I strongly believe that part of becoming and staying GDPR compliant has to do with adequate Metadata management. In the latest DAMA-DMBOK2 Data Management Framework (pages 417 and 418 to be exact), DAMA international (see DAMA website) introduces Metadata as:

 “The most common definition of Metadata, ‘data about data’ is misleadingly simple. The kind of information that can be classified as Metadata is wide-ranging. Metadata includes information about technical and business processes, data rules and constraints, and logical and physical data structures. It describes the data itself (e.g., databases, data elements, data models), the concepts the data represents (e.g., business processes, application systems, software code, technology infrastructure), and the connections (relationships) between the data and concepts. Metadata helps an organization understand its data, its systems and its workflows. It enables data quality assessment and is integral to the management of databases and other applications. It contributes to the ability to process, maintain, integrate, secure, audit and govern other data.”

… and a bit further in this introduction it says …

“Without reliable Metadata, an organization does not know what data it has, what the data represents, where it originates, how it moves through systems, who has access to it, or what it means for the data to be high quality.
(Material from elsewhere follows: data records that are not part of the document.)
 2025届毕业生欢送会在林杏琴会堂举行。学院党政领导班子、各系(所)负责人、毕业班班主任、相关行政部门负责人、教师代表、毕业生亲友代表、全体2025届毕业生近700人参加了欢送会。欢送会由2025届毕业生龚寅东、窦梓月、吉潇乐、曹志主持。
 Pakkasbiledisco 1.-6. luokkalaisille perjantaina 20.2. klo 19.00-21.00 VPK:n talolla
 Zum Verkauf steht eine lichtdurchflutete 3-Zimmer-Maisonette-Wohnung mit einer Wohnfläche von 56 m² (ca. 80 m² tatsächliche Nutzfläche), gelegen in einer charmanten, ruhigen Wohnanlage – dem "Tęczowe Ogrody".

Without Metadata, an organization cannot manage its data as an asset. Indeed, without Metadata, an organization may not be able to manage its data at all.”

Since the GDPR is all about knowing where your privacy sensitive data comes from, where that data resides within your systems, who is using them and how they are being used, proper data management, especially Metadata management is key towards compliancy. 
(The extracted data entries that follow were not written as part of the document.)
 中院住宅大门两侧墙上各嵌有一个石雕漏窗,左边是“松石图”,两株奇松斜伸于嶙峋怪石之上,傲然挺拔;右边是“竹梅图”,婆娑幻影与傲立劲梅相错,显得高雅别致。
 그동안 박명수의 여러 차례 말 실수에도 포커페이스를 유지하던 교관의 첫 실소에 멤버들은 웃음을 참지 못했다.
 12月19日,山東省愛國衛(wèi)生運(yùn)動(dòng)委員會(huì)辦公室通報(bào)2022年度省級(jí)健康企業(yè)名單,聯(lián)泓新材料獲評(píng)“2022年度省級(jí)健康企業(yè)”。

GDPR activities and Metadata

Every EU member state’s data protection supervisory authority (SA) has a list of activities to execute to become GDPR compliant that is similar or equal to the following list:

Activity 1: Awareness

Make sure that the relevant people in your organizations (such as policy makers) are aware of the new privacy rules. They must estimate what the impact of the GDPR is on your current processes, services and goods and what adjustments are needed to be GDPR compliant. 

From a Metadata perspective, pay special attention to what data are used, how they are used, by whom they are used and what they are used for in these processes, services and goods. 

Activity 2: Rights of data subjects

A data subject is an individual who is the subject of personal data. Under the GDPR, data subjects get more and improved privacy rights. Make sure that they are able to exercise their privacy rights. Consider existing rights, such as the right to access and the right to correction and removal. But keep in mind new rights, such as the right to data portability. With this right, you need to ensure that interested parties can easily get their data and then pass them on to another organisation if they want. Also, data subjects can file complaints with the SA about how you handle their data. The SA is obligated to handle these complaints.

To ensure a prompt and adequate reaction on a data subject executing his/her right to access data, the right to correction of data, the right to removal of data as well as the right to data portability and the right to gain insights in how an enterprise handles data, proper Metadata management procedures need to be in place.

Activity 3: Insights in data processing

Document what personal data you process and for what purpose you do this, where this data comes from and with whom you share them. Under the GDPR you have a documentation obligation, which means that you must be able to demonstrate that your organization is in compliance with the GDPR. You will need this documentation as individuals engage in their privacy. If they ask you to correct or delete their data, you must pass it on to the organizations with which you shared their data. Also document on which legal basis you process these data. For example, do you claim a legitimate interest or do you request permission (consent) for specific use of the data from the parties involved?

This documentation to give insights in data processing needs to be stored in a Metadata repository. Easily accessible and immediately ready to be used when needed. Supporting fast insights in which processes, which data are used, by whom and how.

Activity 4: Privacy impact assessment (PIA)

Under the GDPR you may be required to perform a privacy impact assessment. This is an instrument for mapping out the privacy risks of data processing and then take measures to reduce the risks. You must perform a PIA if your intended data processing is likely to entail a high privacy risk.

Part of metadata management is identifying what data are privacy sensitive. Adequate execution of a PIA will greatly benefit from good metadata management. 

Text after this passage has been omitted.